We sweat and bad karaoked our way through the greatest hits of my middle and high school years. Studying myself in the room-sized mirror, I probably needed to invest in some waterproof mascara because at the end of the session, I was a shiny, sloppy mess with black smudges around my blue eyes. Good thing someone gave me some red sunglasses to step out of the studio in.
As I changed my shoes and toweled the sweat off my face, he asked, “A better free class than last time?” He sprayed the bikes down and wiped the sweat off them. I had left an embarrassing wet spot on the seat.
“That was…” Don’t say something cheesy, don’t say something cheesy . “Exhilarating!” What did I say about not being cheesy?
“Would you be interested in seeing each other again?”
My body felt like the snowy channels on old-school televisions, fizzy and sparkling. Was this a date? I croaked out an “I would” and rubbed my lips together. When Chris and I were dating, he had told me he loved my sensuous lips. I was going to use them to my advantage. I cleared my throat. “There’s this cocktail place I’d like to try. We could—”

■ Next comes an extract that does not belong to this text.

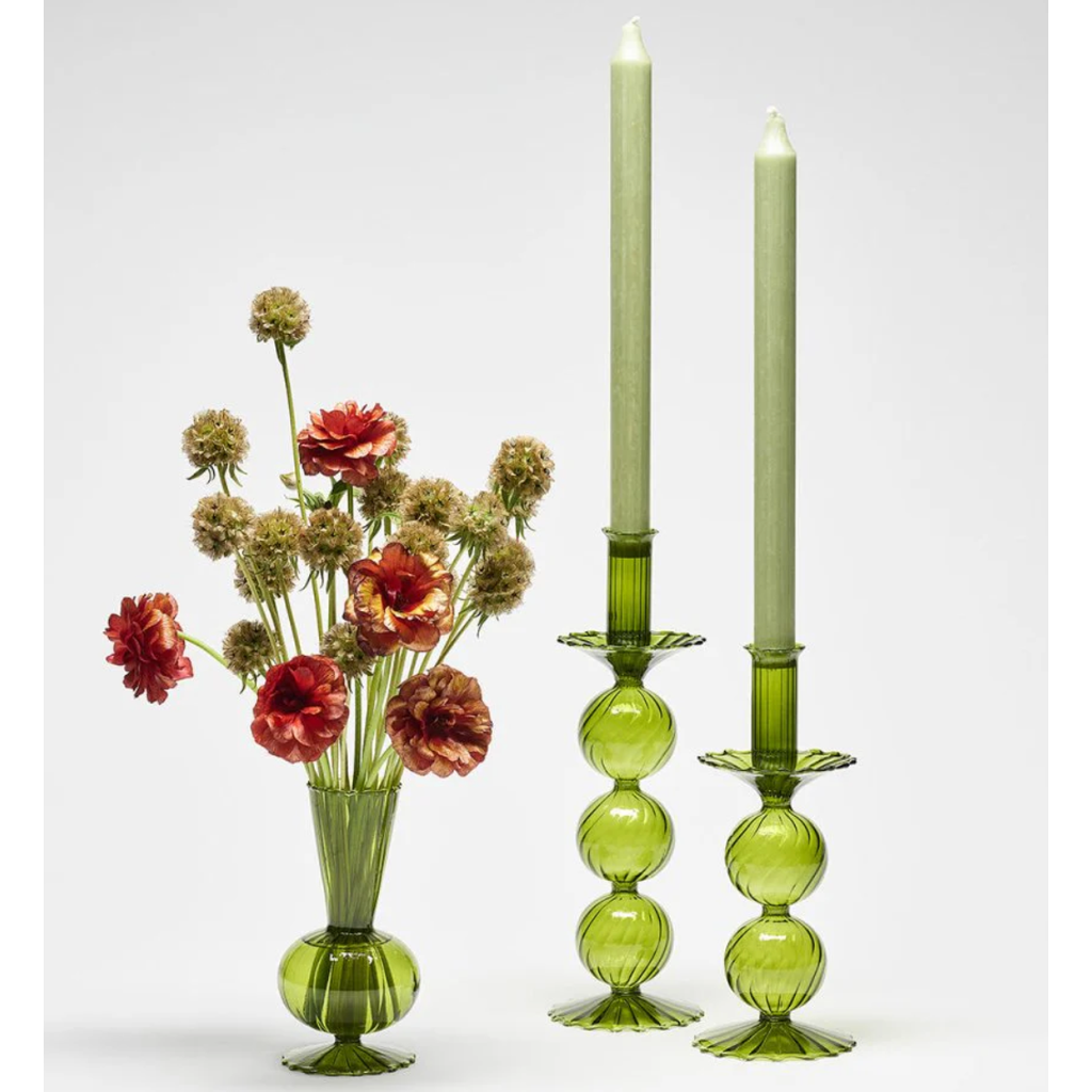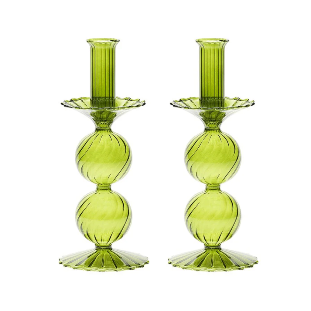 The delicate, hand-blown glass Bella Candlestick features two stacked globes atop a scalloped base. This stunning glass candlestick adds movement and sophistication to any table.
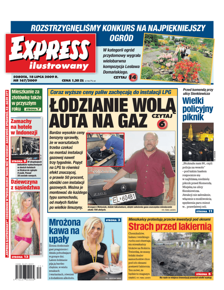 ROZSTRZYGNĘLIŚMY KONKURS NA NAJPIĘKNIEJSZY OGRÓD W kategorii ogród przydomowy wygrała wielobarwna kompozycja Lesława Domańskiego. CZYTAJ W TYM 7% VAT 14 Przed komendą przy ulicy Sienkiewicza ŁODZIANIE WOLĄ AUTA NA GAZ 6 Wielki policyjny piknik CZYTAJ FOT. AP Zamachy na hotele w Indonezji STRONA 9 W eksplozjach ładunków wybuchowych w dwóch hotelach w Dżakarcie zginęło 9 osób. Ponad 50 zostało rannych. Dziewczyna z sąsiedztwa Bardzo wysokie ceny benzyny sprawiły, że w warsztatach trzeba czekać na montaż instalacji gazowej nawet trzy tygodnie. Popyt na LPG to również efekt znaczącej, o prawie 50 procent, obniżki cen instalacji gazowych. Można je montować do każdego typu samochodu, od małych fiatów Matusiak, łódzki taksówkarz, dzięki założeniu gazu oszczędza miesięcznie po wielkie limuzyny. Grzegorz . około 700 złotych. FOT PAWEŁ ŁACHETA STRONA 13 ISSN 0137-9097 29 > 9 770137 909064 Mrożona kawa na upały Zimna doskonale gasi pragnienie i działa pobudzająco w gorące dni. Latem łodzianie piją ją bardzo chętnie, w wielu smakach i wariantach, również z dodatkiem alkoholu. STRONA 3 FOT. ARCHIWUM Coraz wyższe ceny paliw zachęcają do instalacji LPG „Stuknęła nam 90., czyli policja na wesoło” -- pod takim hasłem rozpocznie się w najbliższą niedzielę piknik przed Komendą Miejską na ulicy Sienkiewicza. Atrakcji nie zabraknie, włącznie z możliwością spędzenia paru minut w... prawdziwej celi. STRONA 11 Mieszkańcy protestują przeciw inwestycji pod oknami Strach przed lakiernią FOT. JAROSŁAW ZIAREK Chemikaliów, hałasu i wielkiego ruchu aut obawiają się mieszkańcy bloków na Rokiciu. Twierdzą, że znany łódzki dealer samochodów chce pod ich oknami postawić lakiernię. Ten mówi, że będzie to magazyn części. FOT. PAWEŁ ŁACHETA FOT. PAWEŁ ŁACHETA Mieszkanie za złotówkę także w przyszłym roku STRONA 7 FOT. JANUSZ KUBIK „EXPRESS ILUSTROWANY” CODZIENNIE W TWOIM DOMU! TANIEJ NIŻ W KIOSKU! ZADZWOŃ I SPRAWDŹ: 42 - 6659 377 SOBOTA, 18 LIPCA 2009 R. NR 167/2009 CENA 1,20 ZŁ STRONA 5 Na razie w miejscu inwestycji powstał wielki wykop.

He blinked rapidly. “I meant for personal training. My rate is seventy-five dollars an hour.”
Like the moron I was, I thought he meant a date. “I was joking, of course. No, I’d be totally into some more personal training.” How could I stick the landing of this terrible, terrible dismount? “Seventy-five you say? What do you recommend? Five or six days a week? I was leaning more toward six, so—”
“Five sessions a week is plenty.”
“Great. See you…” I searched his gaze for the answer .
In unison, we said, “Monday.”
Blowing a healthy chunk of change on some personal training sessions under the duress of a lady boner wasn’t exactly the smartest move. I wasn't Ms. Moneybags, necessarily. I did, however, have a healthy sum of money after Chris and his new wife bought me out of my portion of what was once our home. And since I wasn’t the one who demolished a marriage under the pretense of falling in love with someone else, Chris offered me a healthy alimony to ameliorate the gaping wound in me caused by the betrayal. I guess burning through my ex-husband’s money was what society expected out of me, the scorned and crafty divorced woman.
Beau ran my credit card; the sessions were now prepaid. We were beginning our beautiful transactional relationship.